Ушаков после похода писал отчеты, подводил итоги боевых действий, готовился доложить о них и не только черноморским начальникам, а и в столице самому императору. Ведь не могут же не интересовать его события на южном фланге Европы, там, где недавно кипели битвы с участием флота и войск России. Но Павел уже почти не интересовался прошлыми союзами, он переосмысливал первый период своего царствования, искал ответы, которые поставила перед ним в начале века история. Он уже не был столь категоричен в оценке действий Екатерины, пытался понять ее прошлые сомнения, особенно приемы и действия, которые приводили к победам и достижениям. Не ясно ему было, почему она была близка к русским дворянам и Западу. Он уже знал, что слова и обещания иногда давались в ее время без труда, в отдельных случаях почти даром, а провозглашенные идеи часто воспринимались за их исполнения. Екатерина любила плотный фимиам лести и восторгов. Особенно приятно да, пожалуй, и необходимо было ей слышать гул восхищения при организации каких-либо новых начинаний и при выпуске важных указов и распоряжений. Многое, правда, из провозглашенного не осуществлялось, но след надежды и контуры предначертаний надолго оставались в памяти современников. Павел стал понимать, что Екатерину толкало к славословию не только тщеславие, но и политический расчет, ибо надо было создавать величавый образ перед державой, народом, инородцами. И тут лесть стихотворцев, выспренное славословие иностранцев, коленопреклонение масс русских льстили обществу, дворянству, чувству национальному, которое многие годы было не развито или угнетено и унижено. Гордость за нацию, которую, как считалось, олицетворяет императрица, заставляла примириться с тяготами и недостатками. Победы в войнах, блистательный Двор, ореол заботливой правительницы и мудрой мыслительницы заставляли забывать о многих внутренних бедах. Об этом времени в одном издании было написано:

"Впервые Россия сделалась для Европы предметом восхищенных и завистливых разговоров. России приятно было иметь такую правительницу, правительнице было приятно управлять славным народом, и она ревниво относилась к национальной чести, отождествляя ее со своею".

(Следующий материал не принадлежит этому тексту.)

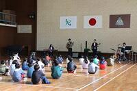 20日に鑑賞教室を行いました。今年は、音楽(JAZZ)の鑑賞教室です。JAM(JAZZ  At Miyazaki)という宮崎で活動している4人のバンドの方々がJAZZを演奏しました。JAZZは児童にとってはあまりなじみはありませんが、よく知っている曲をJAZZアレンジすることでまた違ったテイストで楽しむことができます。今回は、秋の童謡をボサノバ調でやったり、バラード調でやったり、スイングしたりと楽しみました。普段はテレビなどを通して聞いていた音楽が、生で演奏が聴けてよかったといった感想がありました。♬
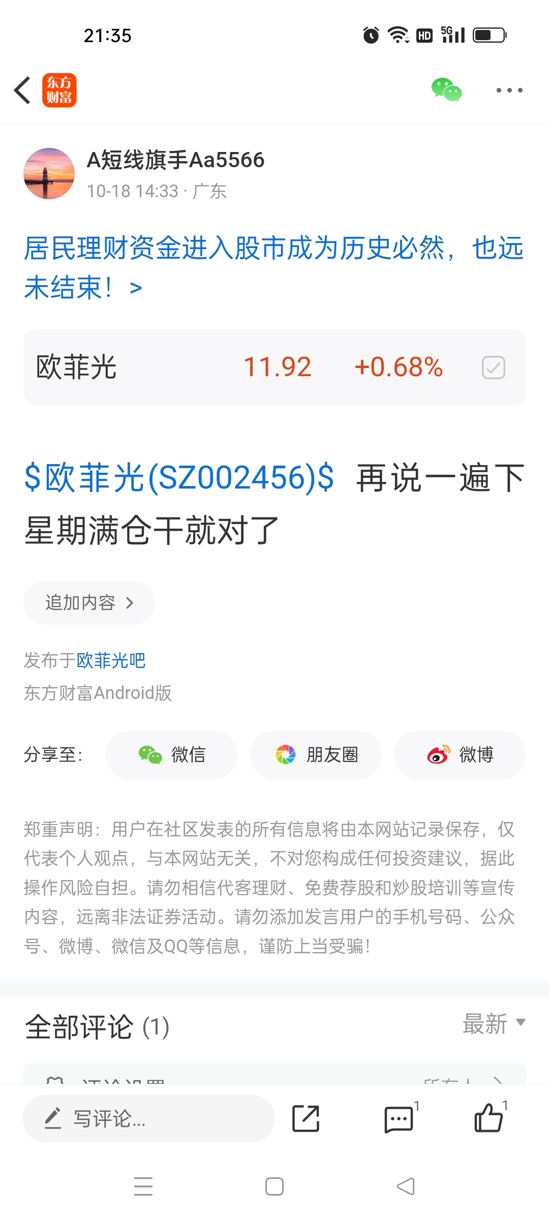 温馨提示: 1.根据《证券法》规定,禁止编造、传播虚假信息或者误导性信息,扰乱证券市场;2.用户在本社区发表的所有资料、言论等仅代表个人观点,与本网站立场无关,不对您构成任何投资建议。用户应基于自己的独立判断,自行决定证券投资并承担相应风险。《东方财富社区管理规定》

Действительно, все больше проявлялось в обществе чувство национального достоинства, отторгалось внедрившееся при Петре рабское преклонение перед всем иностранным. Конечно, это казалось кое-кому странным — ведь царица-то немка. Но, приехав в Россию, она очень скоро поняла, что у этой страны и ее народа есть многомерное прошлое, устойчивые традиции, с которыми следует считаться. Она умело вплетала себя в царское наследие, создавала образ, на который переносились все добрые дела и победы того времени. Каково было ее сыну слышать, например, наивную и ностальгическую народную песню:


Подымитесь, ветры буйные,
Разнесите все желты пески,
Распахнися, шелкова парча,
Разломися, гробова доска,
Подымися, наша матушка,
Милосердная государыня,
Катерина Алексеевна!
Без тебя нам жить похужело,
Всему царству почежелело.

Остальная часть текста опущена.